EXERCISE GOAL: When you copy the material below, keep every line exact and drop the pictures.

AVAILABLE DATA:
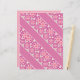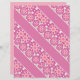 Ein Muster mit geometrischen und blumengeschmückten Motiven wird in Rosa und Weiß gerendert und verleiht dem Design einen zarten Aquarelleffekt. Die Mitte ist ein rosa Streifen, der im gemusterten Layout als Trenner oder Highlight dienen kann.
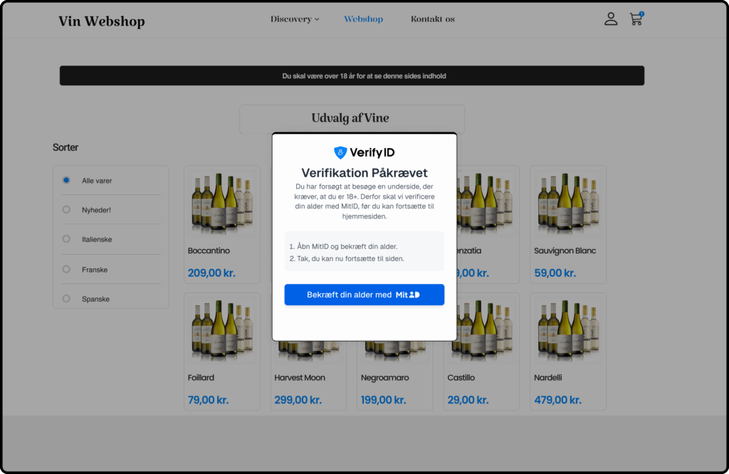 Aldersverifikation på undersider sikrer, at kun brugere, der opfylder alderskravene, kan få adgang til f.eks. /shop eller /alkohol. Resten af hjemmesiden forbliver frit tilgængelig, mens de aldersbegrænsede undersider forbliver lovlige og ansvarlige.
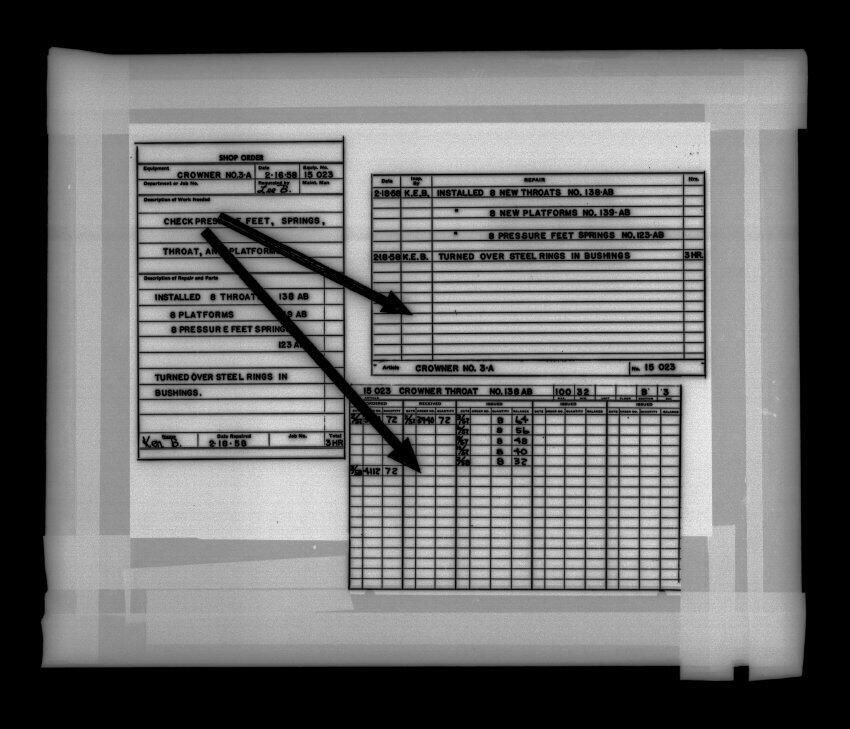 Negative, sheet film. 4 x 5 b&w. No. 2897. Olympia brewery. Ordered 06/06/1960 by Skip Schmidt. Photos of gauges, charts, and office equipment for lantern slides.

SOLUTION:
 Ein Muster mit geometrischen und blumengeschmückten Motiven wird in Rosa und Weiß gerendert und verleiht dem Design einen zarten Aquarelleffekt. Die Mitte ist ein rosa Streifen, der im gemusterten Layout als Trenner oder Highlight dienen kann.
 Aldersverifikation på undersider sikrer, at kun brugere, der opfylder alderskravene, kan få adgang til f.eks. /shop eller /alkohol. Resten af hjemmesiden forbliver frit tilgængelig, mens de aldersbegrænsede undersider forbliver lovlige og ansvarlige.
 Negative, sheet film. 4 x 5 b&w. No. 2897. Olympia brewery. Ordered 06/06/1960 by Skip Schmidt. Photos of gauges, charts, and office equipment for lantern slides.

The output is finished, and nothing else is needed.